#### WORK REQUEST:
Every line of the records below that has the word "doença" should be copied.

== Segment start ==

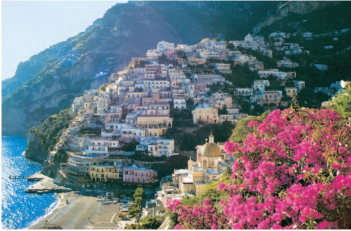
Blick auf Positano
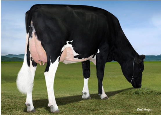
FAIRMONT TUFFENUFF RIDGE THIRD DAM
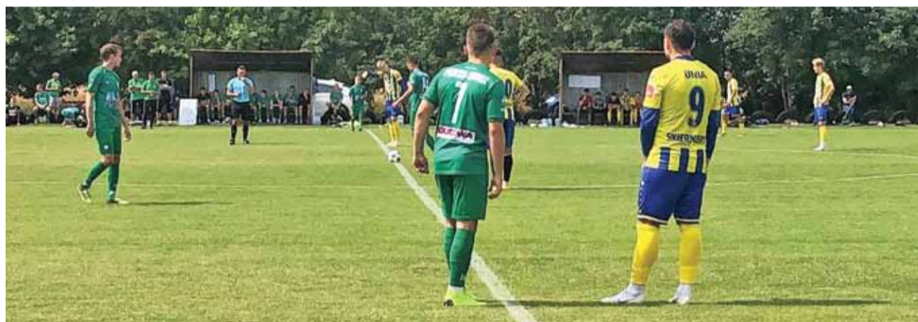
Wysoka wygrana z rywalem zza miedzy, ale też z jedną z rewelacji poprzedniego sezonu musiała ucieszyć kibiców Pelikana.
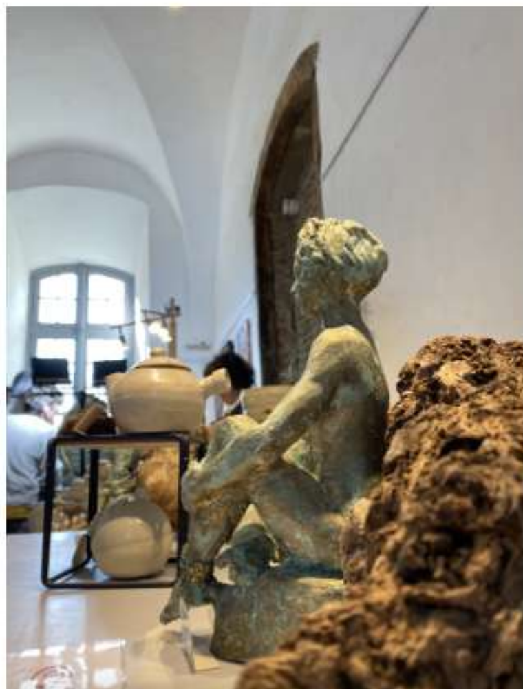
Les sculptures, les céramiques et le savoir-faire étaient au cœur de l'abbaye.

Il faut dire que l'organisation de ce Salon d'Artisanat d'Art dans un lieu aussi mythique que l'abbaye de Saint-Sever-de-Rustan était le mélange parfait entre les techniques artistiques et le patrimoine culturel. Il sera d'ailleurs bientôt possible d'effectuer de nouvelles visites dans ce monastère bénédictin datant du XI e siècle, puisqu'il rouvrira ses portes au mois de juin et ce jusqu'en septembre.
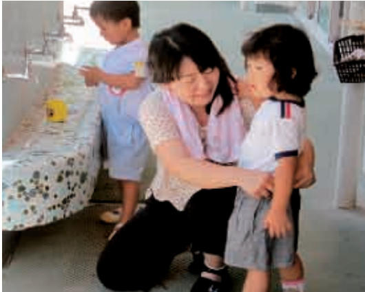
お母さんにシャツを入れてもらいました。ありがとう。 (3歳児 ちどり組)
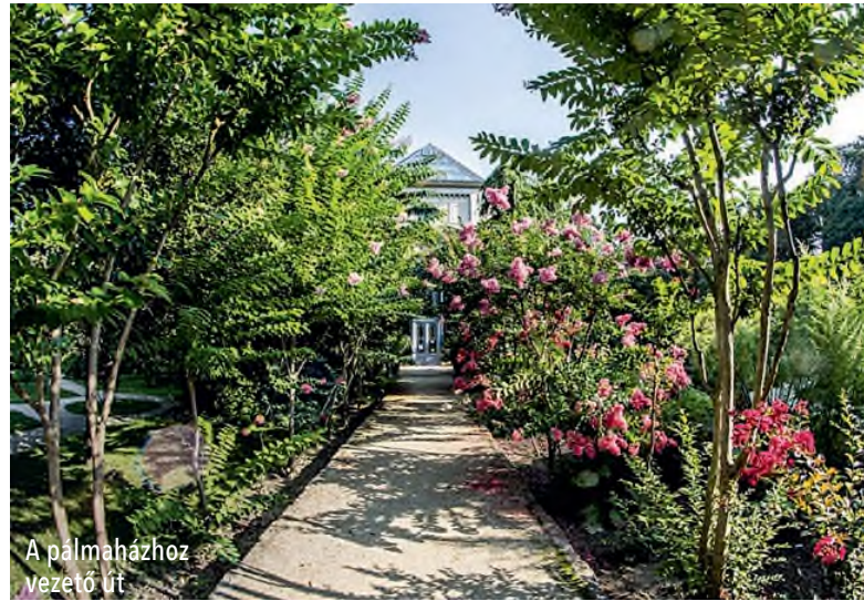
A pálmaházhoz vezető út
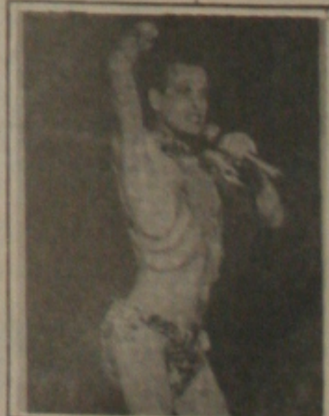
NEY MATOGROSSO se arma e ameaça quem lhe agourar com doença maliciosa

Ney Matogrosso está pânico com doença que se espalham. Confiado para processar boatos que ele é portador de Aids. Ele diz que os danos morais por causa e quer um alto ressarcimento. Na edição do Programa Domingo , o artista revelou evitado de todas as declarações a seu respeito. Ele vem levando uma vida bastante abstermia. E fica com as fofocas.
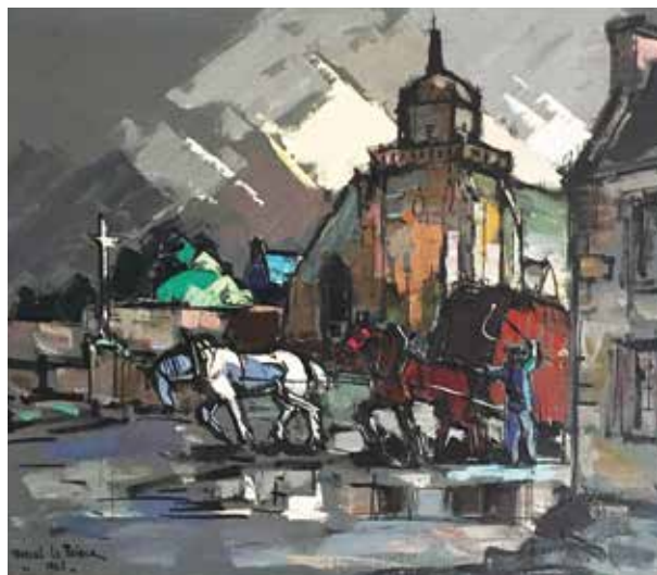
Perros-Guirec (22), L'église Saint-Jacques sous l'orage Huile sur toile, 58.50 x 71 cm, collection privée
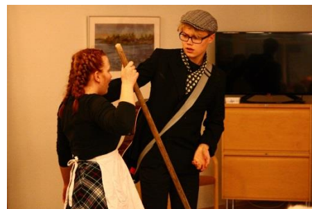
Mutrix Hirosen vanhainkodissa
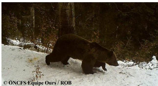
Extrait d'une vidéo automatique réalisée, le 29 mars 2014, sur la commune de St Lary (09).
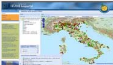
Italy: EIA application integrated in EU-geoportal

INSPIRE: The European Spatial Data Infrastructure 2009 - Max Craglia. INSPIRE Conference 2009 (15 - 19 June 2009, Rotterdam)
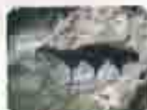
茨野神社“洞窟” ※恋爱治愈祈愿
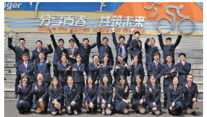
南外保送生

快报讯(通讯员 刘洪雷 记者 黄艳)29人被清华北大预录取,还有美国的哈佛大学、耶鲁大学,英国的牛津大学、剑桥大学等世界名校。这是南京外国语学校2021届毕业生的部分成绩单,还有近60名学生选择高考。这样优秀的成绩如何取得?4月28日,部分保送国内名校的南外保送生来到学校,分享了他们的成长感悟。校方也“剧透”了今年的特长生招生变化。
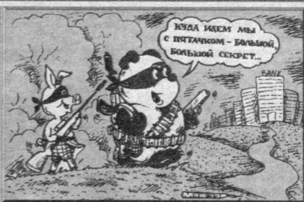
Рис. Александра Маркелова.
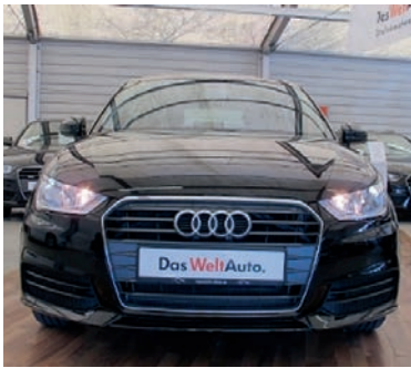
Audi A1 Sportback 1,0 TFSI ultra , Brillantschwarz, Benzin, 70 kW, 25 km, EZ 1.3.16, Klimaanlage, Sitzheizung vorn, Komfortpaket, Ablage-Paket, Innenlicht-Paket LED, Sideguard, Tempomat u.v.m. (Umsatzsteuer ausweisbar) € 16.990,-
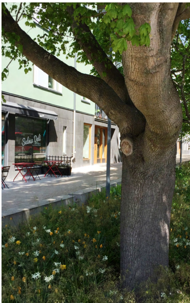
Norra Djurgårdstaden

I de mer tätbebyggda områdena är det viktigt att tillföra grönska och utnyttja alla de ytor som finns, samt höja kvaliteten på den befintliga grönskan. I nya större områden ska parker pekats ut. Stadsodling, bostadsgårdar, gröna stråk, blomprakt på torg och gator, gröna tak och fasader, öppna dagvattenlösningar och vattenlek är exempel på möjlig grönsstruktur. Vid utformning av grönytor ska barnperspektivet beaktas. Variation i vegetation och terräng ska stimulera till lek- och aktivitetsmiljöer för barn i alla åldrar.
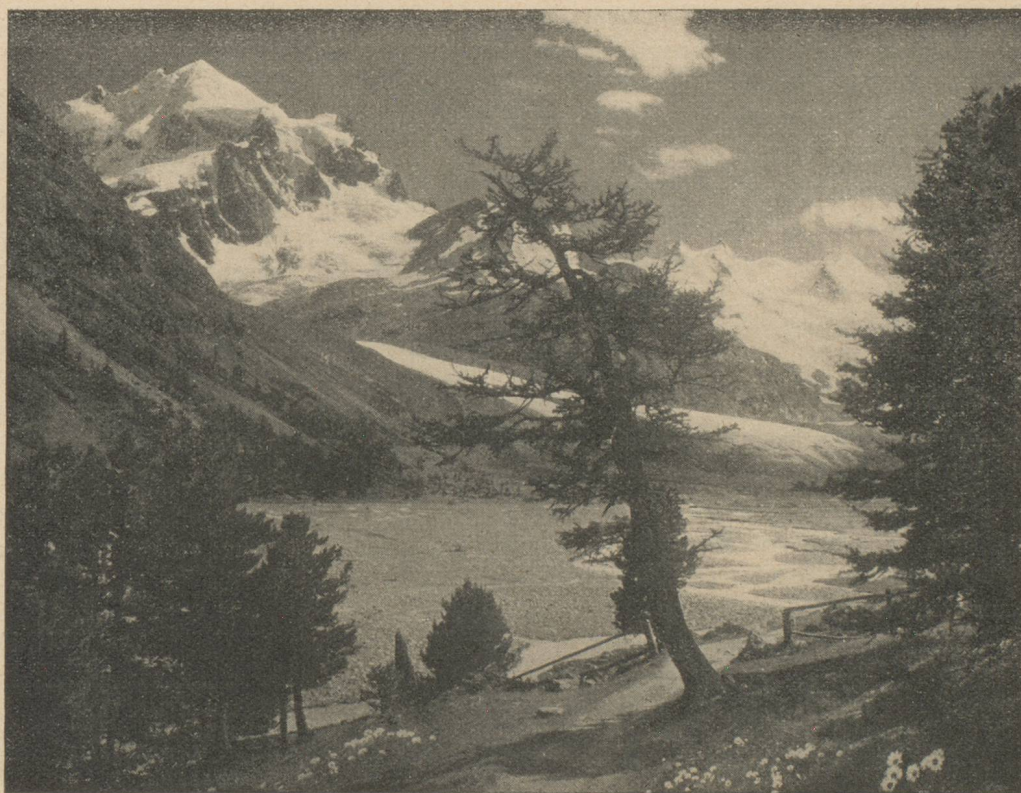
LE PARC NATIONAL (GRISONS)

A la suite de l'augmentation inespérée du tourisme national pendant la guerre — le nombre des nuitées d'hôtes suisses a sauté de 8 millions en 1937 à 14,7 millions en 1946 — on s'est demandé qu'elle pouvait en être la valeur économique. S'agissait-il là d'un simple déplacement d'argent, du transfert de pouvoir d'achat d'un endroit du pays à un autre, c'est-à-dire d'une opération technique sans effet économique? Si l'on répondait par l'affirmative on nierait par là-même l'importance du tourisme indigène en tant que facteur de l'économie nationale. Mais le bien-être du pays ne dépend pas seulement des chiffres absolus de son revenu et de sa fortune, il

== Segment end ==

#### WRITTEN REPLY:
NEY MATOGROSSO se arma e ameaça quem lhe agourar com doença maliciosa
Ney Matogrosso está pânico com doença que se espalham. Confiado para processar boatos que ele é portador de Aids. Ele diz que os danos morais por causa e quer um alto ressarcimento. Na edição do Programa Domingo , o artista revelou evitado de todas as declarações a seu respeito. Ele vem levando uma vida bastante abstermia. E fica com as fofocas.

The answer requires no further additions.